I want to give a deep and heart-felt thank you to Kevin for "Chasing Amy". This film has had a profound affect on me and my personal love life. Now, I know that I'm only 18, but that really doesn't matter much. Now, please excuse me as I start this long story.
Last year, my senior year of high school, I finally found who I felt was the girl for me. She was nice, funny, and a really good friend (my closest female friend). Let's call her D. Now, D and I had been just really good friends for about 3 months before I decided to ask her to Homecoming. I asked her, but she wasn't allowed to go at the time. So she told me to ask someone else. I did, and about two weeks later she was allowed to go (her parents are real assholes). She ended up going with one of my friends, J. I thought, "that's ok, nothing will happen between them". God, I was wrong. They started going out and seemed very serious about it; you couldn't picture them breaking up, that kind of couple. Now, we all hung out in the same group, so I saw them together all the time. I really couldn't break from the group because most of us had been friends for our entire HS years. So I had to put up with seeing them together all the time. It tore me up inside. I tried going out with other girls, but no luck. I was hung up on D and there was no way to get around it. No other girls compared to her in my mind.

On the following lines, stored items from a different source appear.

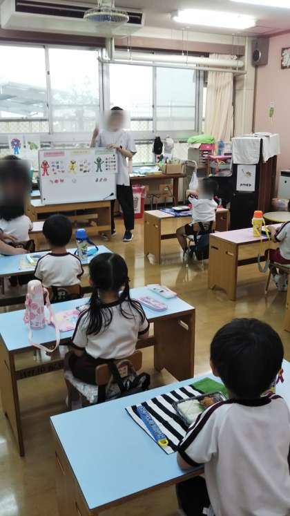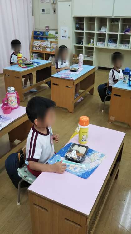 その後、実際に黒潮弁当をみながら、「おにぎりは黄色!」「エビフライは何色かな?」と三色入ってるかを確認しました。みんなしっかり食べてスーパーたべるんじゃーを目指してね☆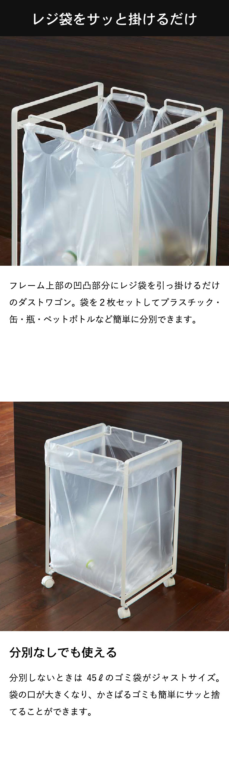 ●対応サイズ:ゴミ袋・コンビニやスーパーの袋・45Lのゴミ収集袋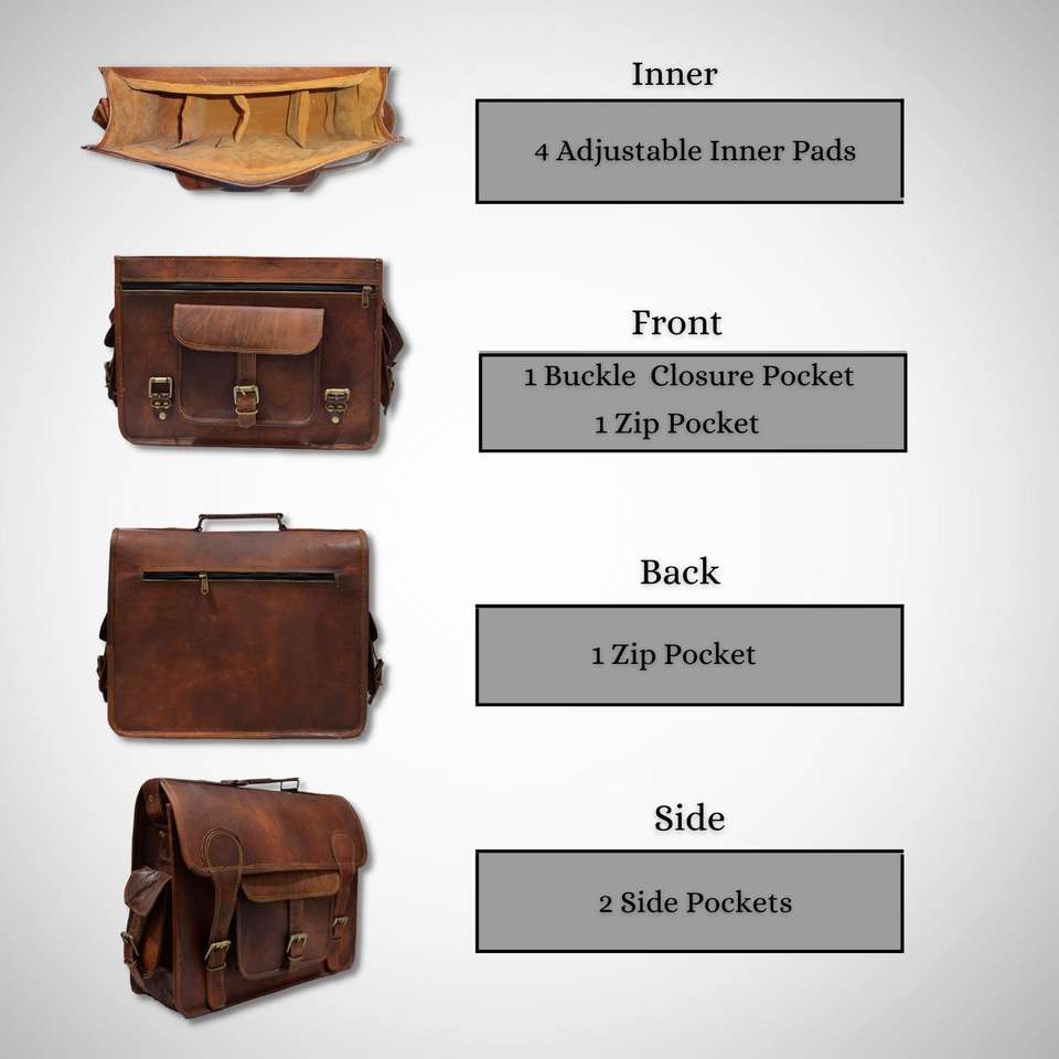 Brown Genuine Leather Carryall Bag Handmade Casual Style for Office Portable Laptop Camera Lens Kit Photography Bulk Product

It killed me that she didn't know how I really felt about her. So, as the summer was winding down and we were all about to go our separate ways, we all got together one night and rented a movie. "Chasing Amy", my friend Gary suggested. I had never seen it (the only trilogy piece i hadn't), so I didn't know what to expect. I was shocked and amazed. I identified with Holden for the first hour. Hell, I felt like it was me up there on the screen. And when his speech in the car occurred, I knew what I had to do. Hell, I nearly started crying as he was saying it because I connected with it so much. That night, I took the movie home (we rented it under my name) and wrote D a seven-page letter telling her my feelings. The center of it all was Holden's speech (don't worry, I gave proper credit). I transcribed the entire thing that night. After I was done (about 330am), I drove over to her house and dropped it in her mailbox.
I didn't hear from her for about a week, so I began to worry. I decided to call her. I didn't get the greatest response in the world (plus, she had told J, so our friendship was over). Now, I didn't tell her that I wanted her to break up with him; I just wanted her to know my feelings because I couldn't keep them bottled up any longer (I left out the part of the speech where Holden told her to search herself fo similar feelings). There was about a month left before we all took off for school. We usually hung out 3-4 nites/week. I saw her 2 more times the rest of the summer and not at all since I've gone to school (J goes here too, so she comes up every other weekend). He doesn't even make eye contact with me whenever he sees me.
But I don't regret telling her at all.
"Chasing Amy" gave me the inspiration to let my feelings be known, and I just wanted to thank you Kevin for making a film that touched me so deeply and profoundly.